The maiden budget of the BJP led NDA will be crucial to determine whether the country could come out of the slump and regain eminence at the international stage. From the coveted club of BRICS, India had been downgraded to the group of Fragile Five.

The election of the pro-market Narendra Modi has raised hopes that reforms will be put on the fast track and projects which were struck will be cleared.

This has led foreign investors to invest over Rs 1 lakh crore till date in equity and debt, taking the stock markets to new highs. What has also been helpful in part is the crisis in Russia and concerns about growth in China. Money which would have poured into these countries is coming to India, believing that Modi government will turn around the economy.

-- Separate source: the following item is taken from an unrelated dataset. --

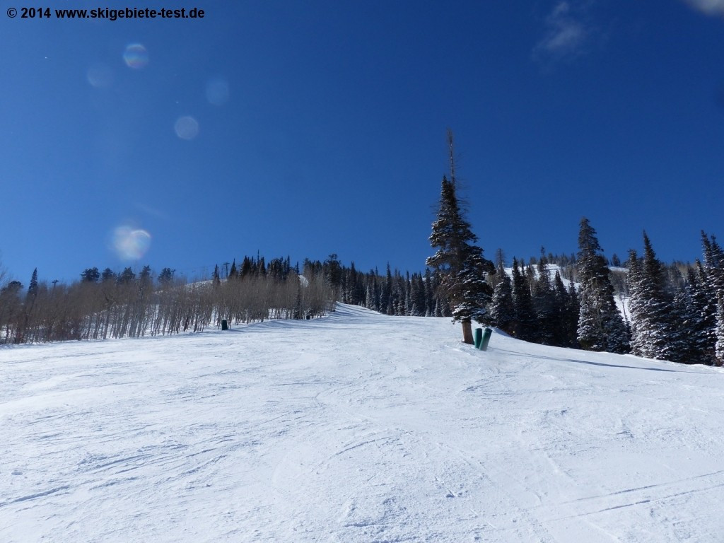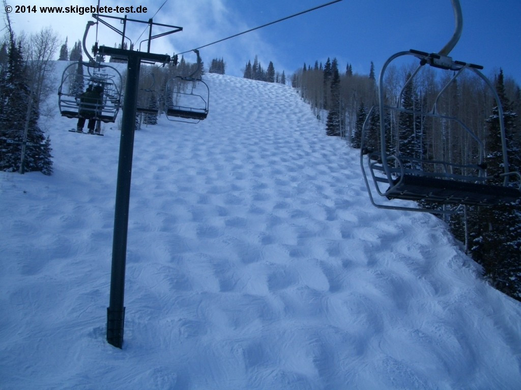 At Deer Valley, the slopes in the advanced or expert category are marked with single or double diamonds. Rarely are they groomed or only every other day and are therefore the best choice for lovers of mogul runs. Most ski-runs of the difficult category can be found on Bald Mountain, reaching a height of 2,865m (9,400ft) altitude. Especially Orient Express, Narrow Gauge or Morning Star, all directed towards the north and located next to the 3-seater chairlifts Mayflower, will challenge even a very advanced skier. The many bumps, humps and peaks of Reward and Ratter, both leading to the 4-seater chairlift Wasatch Express, are bound to be liked by expert skiers as they provide an extra dose of challenge and excitement. For all lovers of the light and fluffy powder Utah is internationally known for, the avalanche controlled powder snow slopes of Ontario Bowl, located at the northern flank of Flagstaff Mountain, or Daly Bowl and Daly Chutes, both located at the ridge of Empire Mountain, are highly recommended. In order to fully use the powder, one needs to walk a little to get to the deep powder snow areas.

With such high hopes from the new government by the investors, both foreign and domestic — and the corporates, any slip off in budget will be punished. “We want the budget to be hard hitting and a strong budget,” said CII director general Chandrajit Banerjee. He said that the budget should be growth oriented. “The budget should make the investment come back into the country and lead to a pick up in demand,” said Mr Banerjee. The government should carry forward the reform agenda, especially in taxation, he said, “Retrospective taxation must be taken off and GAAR should be postponed. Fiscal deficit need to be addressed properly. There is a need for hard decisions on subsidy be it food, fuel and fertilisers,” said Mr Banerjee.

IT industry veteran T.V. Mohandas Pai said the budget needs to be straight forward and honest. “The budget should not inflate revenues and inflate the plan budget.

The interim budget presented by the UPA government was criticised for “managing the accounts” where money for subsidy was postponed for next fiscal.

“If due to honest accounting the fiscal deficit rises, let it be,” said Mr Pai. He said that there is a need to increase the non-tax revenues. “PSUs are sitting on a huge pile of cash, around Rs 2 lakh crore. They should be asked to give more dividends to the government,” said Mr Pai. He suggested that the subsidies need to be cut and number of free subsidised LPG cylinders given in a year be cut to 9 from 12 now.

He said that no tax cuts should be announced this year. “The public should be asked to wait for one more year. If they give relief in personal income tax, inflation will rise. Government needs to tighten the belt and cut expenditure.”

Prime Minister Narendra Modi has already told the public to be prepared for the “bitter pill.” Finance minister Arun Jaitley has also talked about short-term fiscal discipline. There has already been a steep hike in railway fares. There is a talk in the government corridors that in the first-two years the government will go for strict measures and in the last three years will go for populist measures after getting the economy back on track.

“This is going to be a tricky budget as expectations from both corporates and citizens are high while the government will need to triangulate between inflation, budget deficit and investment,” said Gaurav Gupta, senior director, Deloitte India.